Gyeongha prend le dernier avion et arrive sur l’île en pleine tempête de neige.
Une tempête symbolique
De l’aéroport à la maison d’Inseon, Gyeongha se perd dans la neige et la forêt. La neige semble irréelle, belle et lente. Victime d’une chute, frigorifiée, la jeune femme se perd entre rêve et réalité. Quand elle arrive enfin dans l’atelier d’Inseon, elle découvre que la photographe travaillait sur leur projet de mettre en scène son cauchemar.
Une maison sans voisins ni éclairage public. Une maison qui se retrouve isolée dès les premières neiges, sans eau ni électricité. Une maison où toute la nuit un arbre avance en agitant ses longs bras. Une maison avec d’un côté une rivière à sec, tandis que de l’autre côté se trouve un village brûlé de suppliciés.
Entre souvenirs d’une ancienne visite à son amie qui vivait alors avec sa mère et découverte des travaux de la photographe intitulés Impossibles adieux, Gyeongha se retrouve face à l’histoire dramatique de la famille d’Inseon et plus généralement des habitants de l’île de Jeju.

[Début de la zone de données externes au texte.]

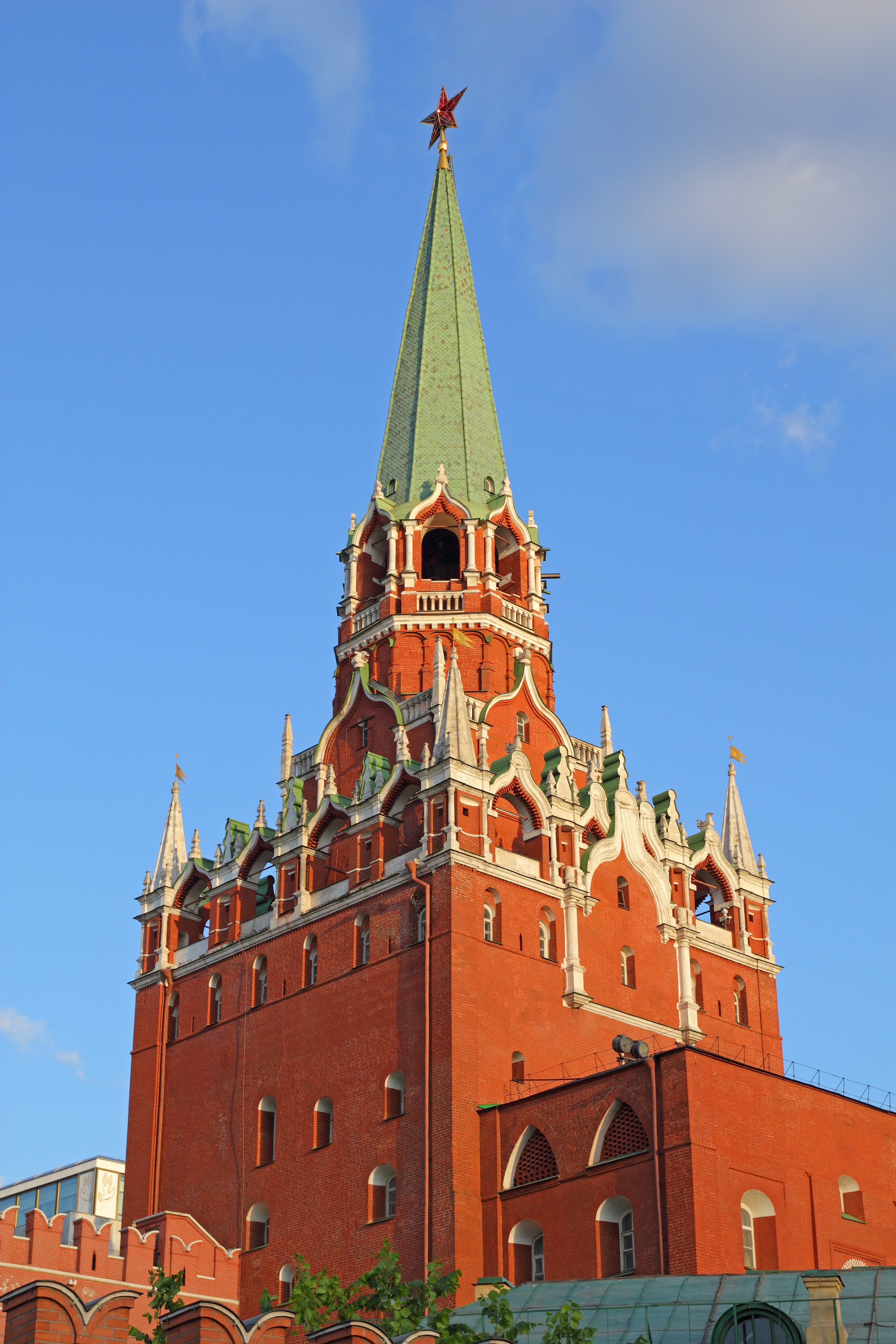 Moscow, Russia. Troitskaya (Trinity) Tower of the Moscow Kremlin.
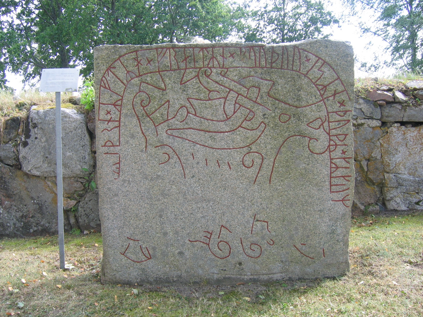 Runestone Sö 82 on the cemetery of Tumbo church in Södermanland, Sweden.

Au milieu de la tempête, des cauchemars et des revenants s’amorce une longue conversation virtuelle entre les deux amies. L’intime se mêle alors à la grande Histoire. De novembre 1948 au début de l’année 1949, le gouvernement coréen, dans une chasse aux « rouges » massacre trente mille civils de l’île de Jeju. Deux cent milles personnes seront massacrées l’été suivant sur le continent sur ordre du gouvernement militaire américain afin d’enrayer le communisme.
Devoir de mémoire
Impossibles adieux est un roman de transmission. La mère d’Inseon se souvient de la découverte des corps de sa famille. Avec sa soeur, elles gardent en mémoire la neige sur le visage des morts. La neige est omniprésente dans ce récit. Alors que sa mère a oeuvré toute sa vie pour réunir des documents et retrouver les ossements des victimes, Inseon a le devoir de continuer à informer sur ces massacres, à combler les vides de l’Histoire.
Je comprenais ce que ma mère avait traversé. Quand je me réveillais d’un cauchemar, je me passais le visage sous l’eau, je me regardais dans le miroir et je voyais ce quelque chose qui était gravé sur son visage à elle.
Han Kang signe un roman glaçant mais essentiel. Entre fantastique et réalité implacable, elle nous plonge dans l’atrocité de l’Histoire coréenne. Poétesse, l’auteure nous embarque dans le fantastique et la douceur glaçante de la neige pour en faire émerger la mémoire traumatique d’un pays qui n’a pu affronter ce passé qu’au début des années 2000.
Commentaires
Il me tente ce livre car il semble rendre justice à des victimes largement oubliées des récits habituels. Et le fait que ce soir une femme, poétesse qui s’empare du sujet est admirable.